Because it's how I connect with God. If you find me not prayer walking for a significant period of time, there's cause for concern that my relationship is slipping. Not because it's a requirement or ritual or the best way to pray but because it's the way I find myself truly sensing the presence of God. It's where I have my mountaintop experiences. It doesn't mean it's where you'll have yours.

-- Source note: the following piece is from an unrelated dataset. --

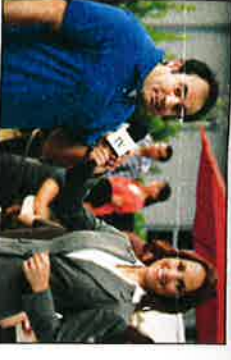
CLIENTE: Esta es la quinta vez que vengo en dos días... ¡este pollo me ha cambiado mi vida!

For going on 5 years now, I've been walking with God in the quiet of the morning. I take my prayer journal and sometimes my Bible, though my Bible gets heavy and so on many days I rely on the scripture I've intentionally stowed away in my mind. I speak them back to God as I praise, confess, repent, invite the Spirit, and intercede. God's word and prayer must always be beautifully tangled into such a knot they can't be separated. The power of prayer is unlocked within the scriptures. We stand on the surety of what He's already done, the certainty of what He's said He's now doing, and the hope of what He's promised He'll do in the future.
And so I walk and talk and listen. Sometimes I cry or smile and occasionally I even laugh. God is personal.
Our place is buzzing with activity by 5:30am on weekday mornings during the school year and so getting up early enough to have this uninterrupted time is a commitment. There are nights I don't get to bed early enough, and I know I need the sleep, so I don't get that pre-dawn start when the property is still mostly at rest.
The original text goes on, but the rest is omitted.